En second lieu, si le « seuil » de 2 °C était une construction plus politique que scientifique, son étayage scientifique à Copenhague se voulait correspondre aux risques de « tipping point » (« points de bascule ») qui pourraient survenir autour de ce seuil : de multiples phénomènes de rétroactions provoqueraient alors un emballement du « système terre », qui deviendrait alors incontrôlable.

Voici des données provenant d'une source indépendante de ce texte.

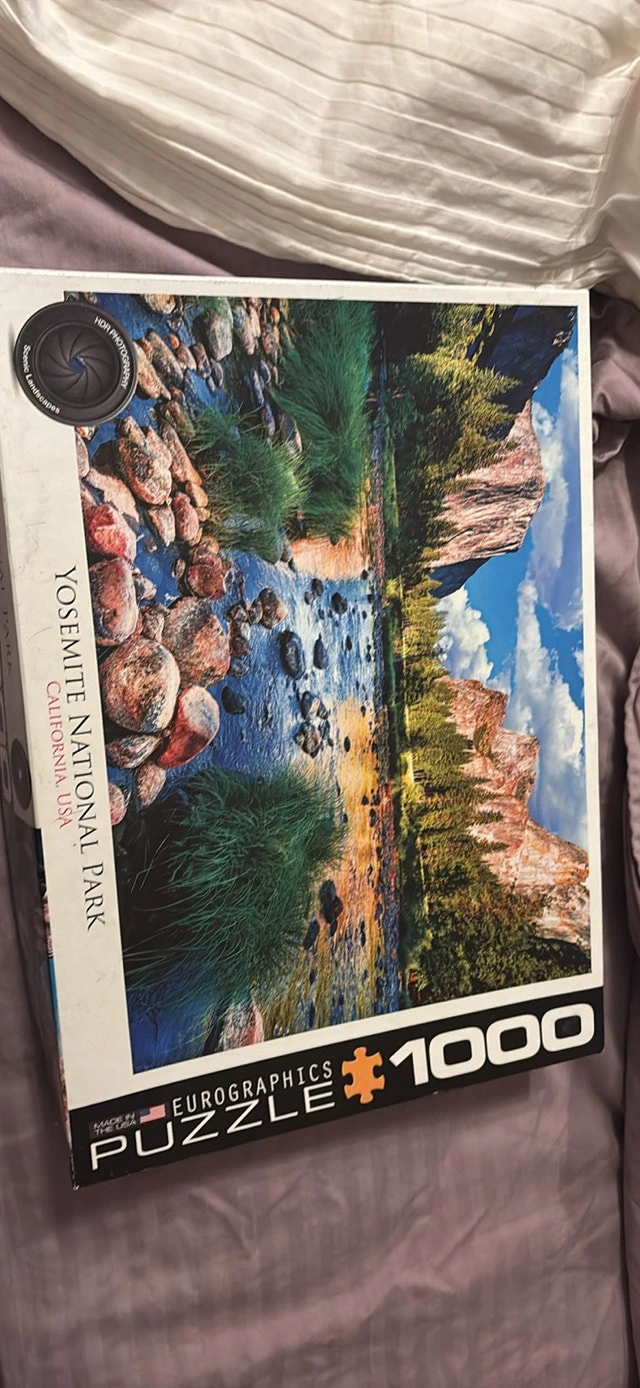 Dive into the beauty of Yosemite National Park with this Eurographics 1000-piece jigsaw puzzle, perfect for puzzle enthusiasts and nature lovers alike. This is a used puzzle in good condition. Once assembled, you'll be transported to the serene landscapes of California. Missing one piece.

Viser un déplacement du curseur de 2 °C à 1,5 °C consiste donc à acter le fait que l’objectif collectif n’est pas seulement d’éviter un climat ingouvernable, mais d’éviter les impacts sur les écosystèmes et populations les plus vulnérables. À l’inverse, conserver 2 °C comme référence principale reviendrait à conserver un objectif collectif qui sacrifie explicitement une partie des territoires de la planète et de leurs habitants. Certes, c’est, de fait, ce qui se produit implicitement au travers des rapports de forces étatiques parcourant les négociations. Néanmoins cela est difficilement justifiable d’un point de vue éthique dans un texte sous l’égide de la Convention climat, de surcroît censé faire date.

Le « réalisme scientifique » avancé pour justifier le maintien d’une référence à 2 °C est lui-même discutable. Dans le cas où les négociateurs souhaiteraient suivre une ligne de la plus grande robustesse scientifique possible, ils devraient en fait s’abstenir de mentionner un quelconque chiffre. C’est précisément la position de l’Arabie Saoudite, moins du fait d’un souci de précision scientifique que d’un travail de démobilisation politique.

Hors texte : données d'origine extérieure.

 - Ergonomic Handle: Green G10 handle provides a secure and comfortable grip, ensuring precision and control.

Susciter des mesures plus ambitieuses

Enfin, au-delà de sa valeur symbolique, le renforcement de la référence à 1,5 °C à Paris peut avoir des effets induits à plus long terme. D’un côté, l’instance des pays « les plus vulnérables » est parfois perçu comme risquant d’obscurcir les débats politique : en adoptant un objectif impossible à atteindre, voire déjà dépassé, du fait de la physique du climat, le sommet de Paris risquerait d’accroître la perception d’une « politique du faire semblant ». De l’autre, on peut considérer qu’insister sur 1,5 °C est, au contraire, un moyen de souligner un peu plus les inerties et blocages politiques : la trajectoire de + 2,7 °C dans laquelle les contributions nationales nous engage en devient d’autant plus inacceptable qu’elle n’est plus éloignée de 0,7 °C de l’objectif, mais de 1,2 °C.

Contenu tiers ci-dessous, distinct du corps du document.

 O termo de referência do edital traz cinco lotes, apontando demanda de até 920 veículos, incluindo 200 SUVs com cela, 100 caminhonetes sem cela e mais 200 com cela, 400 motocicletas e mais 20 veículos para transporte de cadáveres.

En ce sens, mentionner plus explicitement qu’auparavant un objectif de 1,5 °C permet donc de renforcer les exigences de mesures ambitieuses, et de mettre encore plus crûment en lumière les responsabilités. Celles-ci ne doivent plus être jugées à l’aune des risques de tipping points, mais bien à l’aune des impacts sur les écosystèmes et populations les plus vulnérables.

Deux limites importantes en restent néanmoins à souligner, en premier lieu sa « valeur d’échange » dans les négociations : dans quelle mesure les pays portant l’étendard de 1,5 °C ont-ils laissé de côté d’autres points tout aussi cruciaux (concernant notamment les financements ou les pertes et dommages) pour voir figurer ce chiffre dans l’accord ? La seconde limite est tout aussi cruciale : au-delà du symbole et de l’utilité politique, viser concrètement une quelconque mise en œuvre d’un objectif à 1,5 °C impliquerait nécessairement d’ouvrir la voie à des « solutions » de captation et capture du carbone.

Éviter des technologies potentiellement dangereuses ou sauver les petits États insulaires ? Ce dilemme, exprimé ici crûment, reste pour l’instant confiné aux cercles d’experts, ou commodément obéré dans les cercles militants. Il ne pourra qu’aller croissant au fur et à mesure des impacts constatés au fil des années.